[Task objective] Repeat the listing exactly. Any picture in it should be left out of the copy.

====

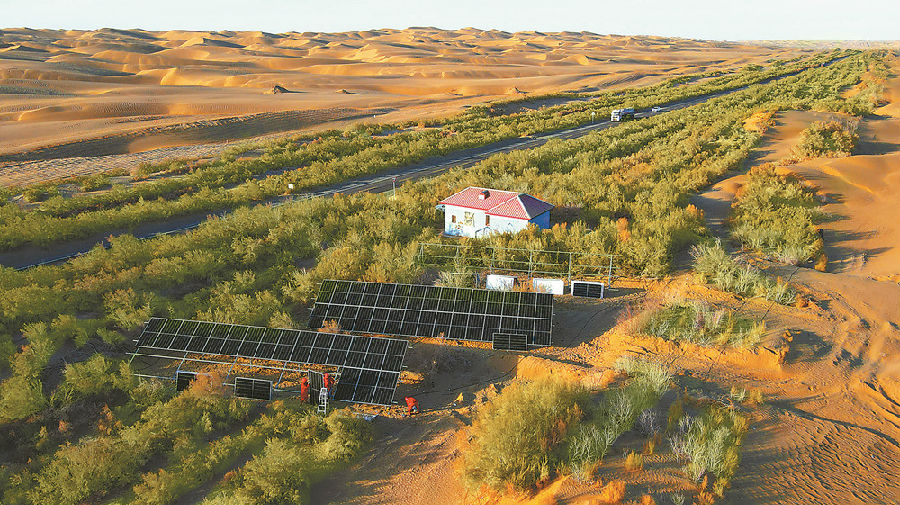 塔里木沙漠公路光伏发电站总装机规模3540千瓦,年发电量362万千瓦时,产生的电力可满足436公里生态防护林每日灌溉所需。据测算,生态防护林每年能吸收二氧化碳约2万吨,负碳部分可中和过往车辆碳排放,为我国荒漠治理和沙漠公路运行维护提供了“塔里木方案”。
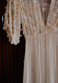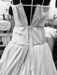 Junto ao vestido da noiva, bordamos uma etiqueta personalizada com o seu nome — um detalhe sutil que torna cada criação única e ainda mais especial, reforçando o cuidado e a exclusividade de cada peça.
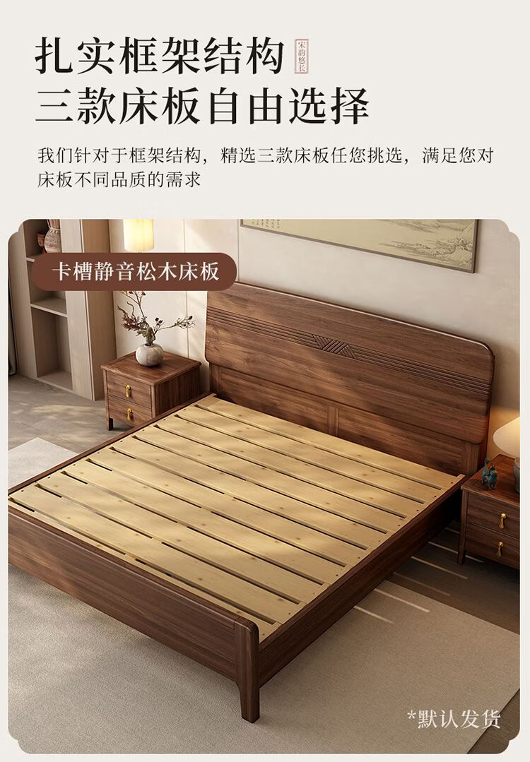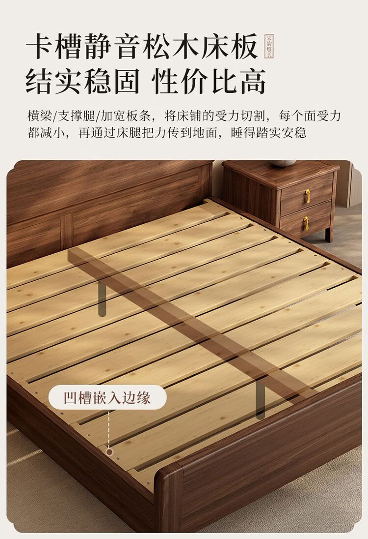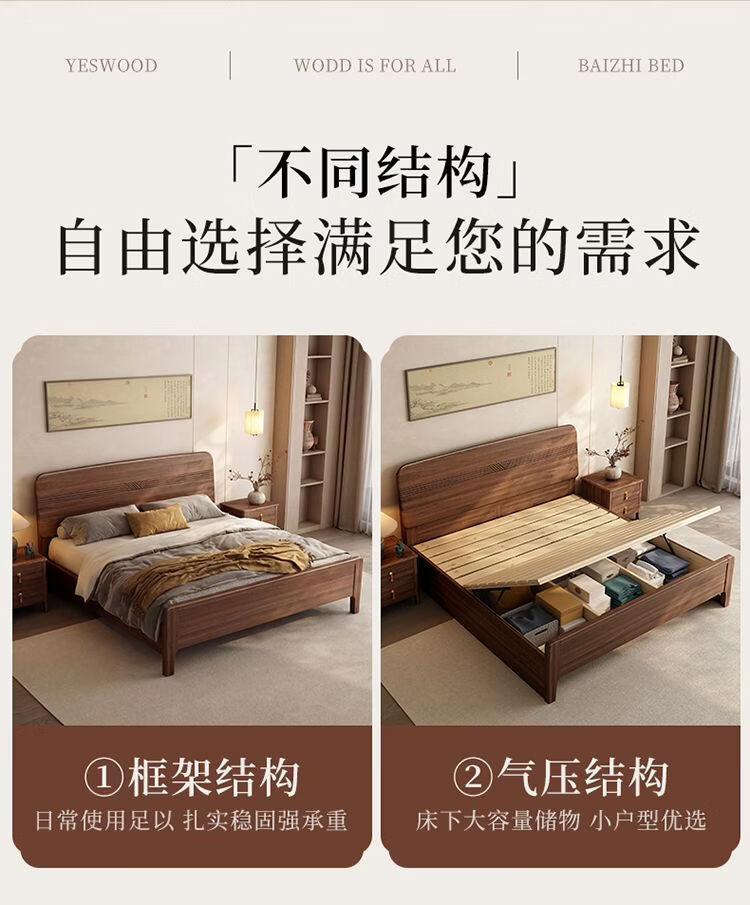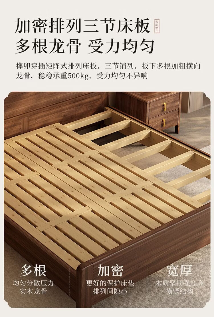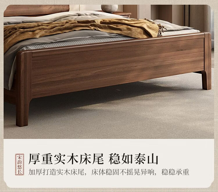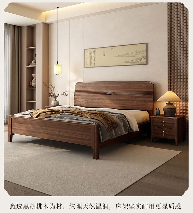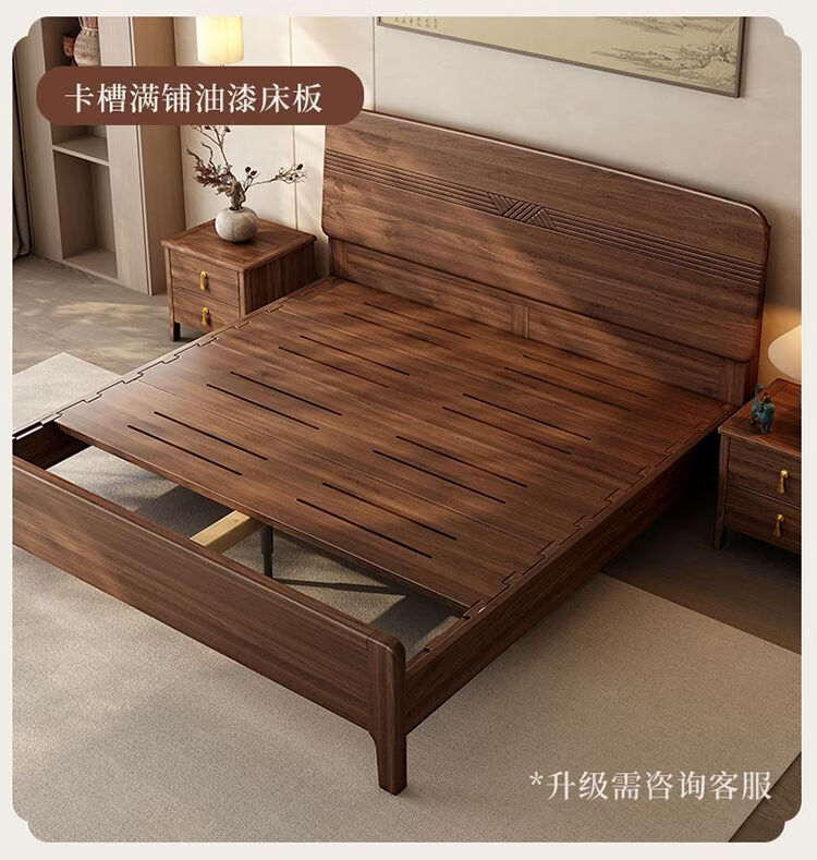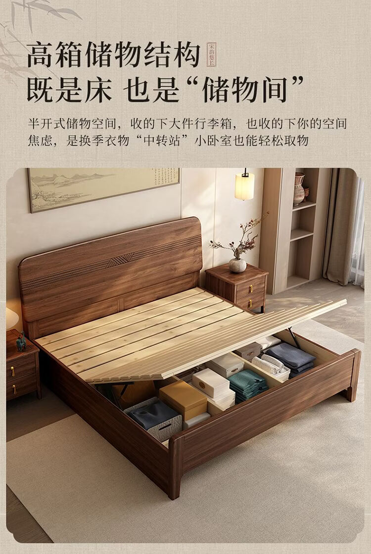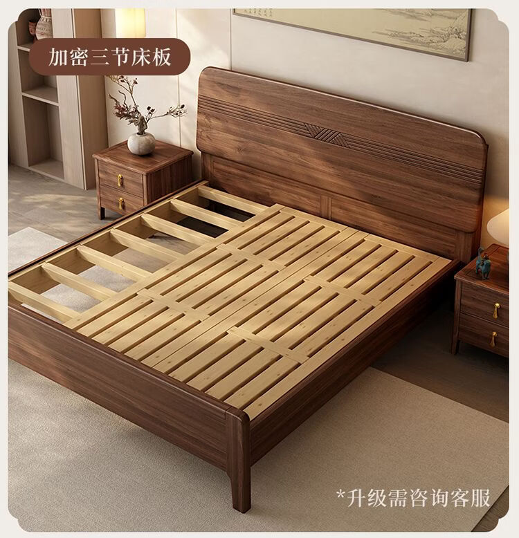 桓伊筝北美黑胡桃木实木床现代简约床1.8米双人床主卧家用储物婚床 实木床+2个床头柜+椰棕床垫20cm 1.5*2米 家具结构 满铺油漆实木高箱储物
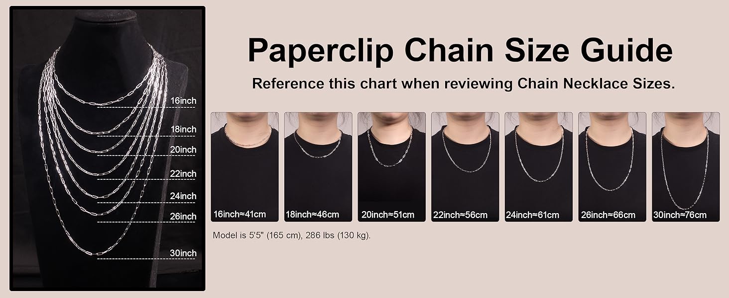 『Suitable chain』-The silver paperclip necklace has a smooth, shiny surface that can protect your neck very well.High-quality polishing process that gives the silver chain necklace perfect lines and luster, making it smooth to the touch.This paperclip necklace is lead-free and nickel-free, making it suitable for sensitive skin.This strong and stylish necklace is meant for everyday wear and can be worn with a pendant or layered with other necklaces.
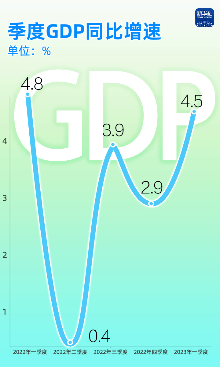 有數(shù)為證:2022年至今,我國(guó)的季度GDP同比增速分別為4.8%、0.4%、3.9%、2.9%和4.5%,一季度GDP增速達(dá)到了2022年二季度以來(lái)最高水平。
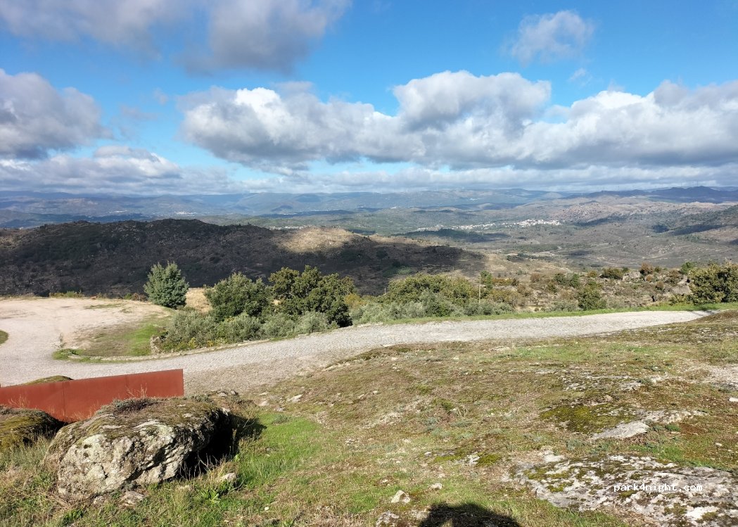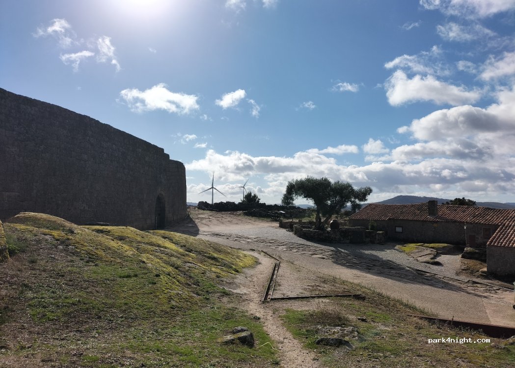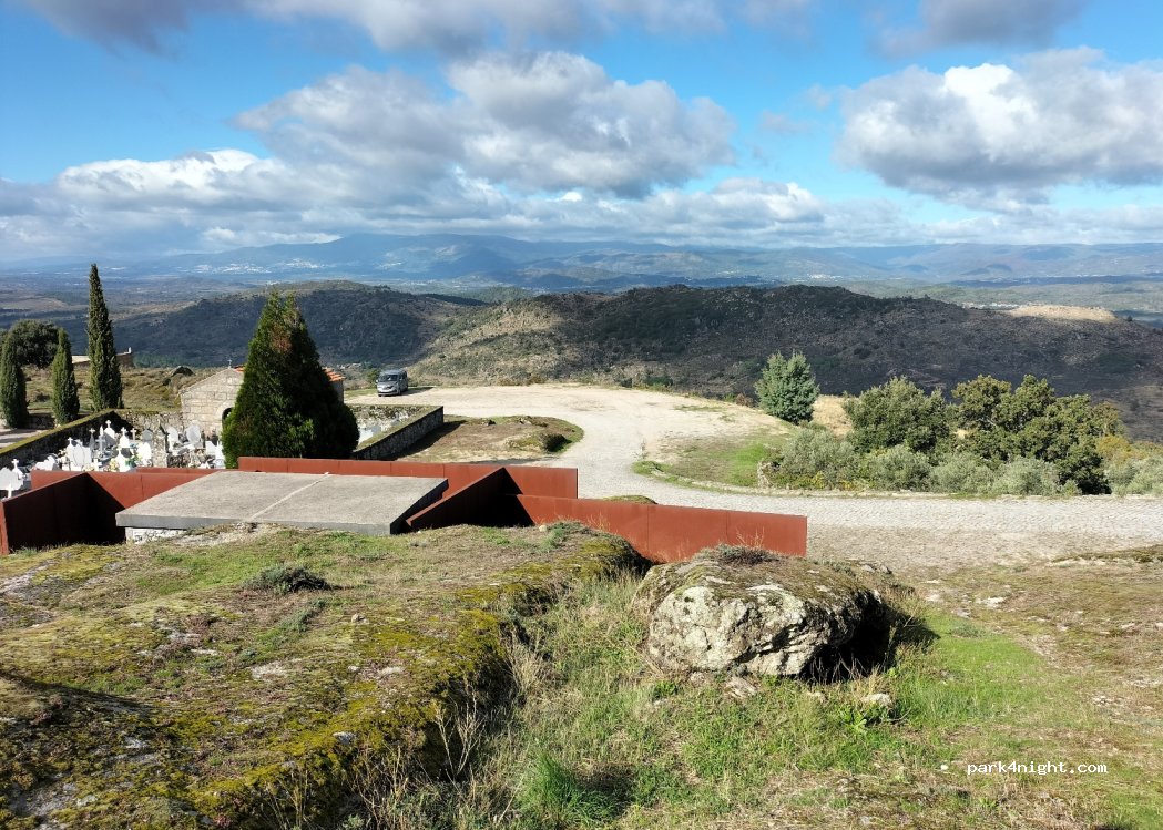 Next to the cemetery, a large sunny space with a magnificent view. Quiet area and very close to the castle and the town. The road to get there may look rough as you go but it is paved and smooth. We have a 6.36mt and we had no problems. We only spent a few hours there.

====

[Answer section]
 塔里木沙漠公路光伏发电站总装机规模3540千瓦,年发电量362万千瓦时,产生的电力可满足436公里生态防护林每日灌溉所需。据测算,生态防护林每年能吸收二氧化碳约2万吨,负碳部分可中和过往车辆碳排放,为我国荒漠治理和沙漠公路运行维护提供了“塔里木方案”。
 Junto ao vestido da noiva, bordamos uma etiqueta personalizada com o seu nome — um detalhe sutil que torna cada criação única e ainda mais especial, reforçando o cuidado e a exclusividade de cada peça.
 桓伊筝北美黑胡桃木实木床现代简约床1.8米双人床主卧家用储物婚床 实木床+2个床头柜+椰棕床垫20cm 1.5*2米 家具结构 满铺油漆实木高箱储物
 『Suitable chain』-The silver paperclip necklace has a smooth, shiny surface that can protect your neck very well.High-quality polishing process that gives the silver chain necklace perfect lines and luster, making it smooth to the touch.This paperclip necklace is lead-free and nickel-free, making it suitable for sensitive skin.This strong and stylish necklace is meant for everyday wear and can be worn with a pendant or layered with other necklaces.
 有數(shù)為證:2022年至今,我國(guó)的季度GDP同比增速分別為4.8%、0.4%、3.9%、2.9%和4.5%,一季度GDP增速達(dá)到了2022年二季度以來(lái)最高水平。
 Next to the cemetery, a large sunny space with a magnificent view. Quiet area and very close to the castle and the town. The road to get there may look rough as you go but it is paved and smooth. We have a 6.36mt and we had no problems. We only spent a few hours there.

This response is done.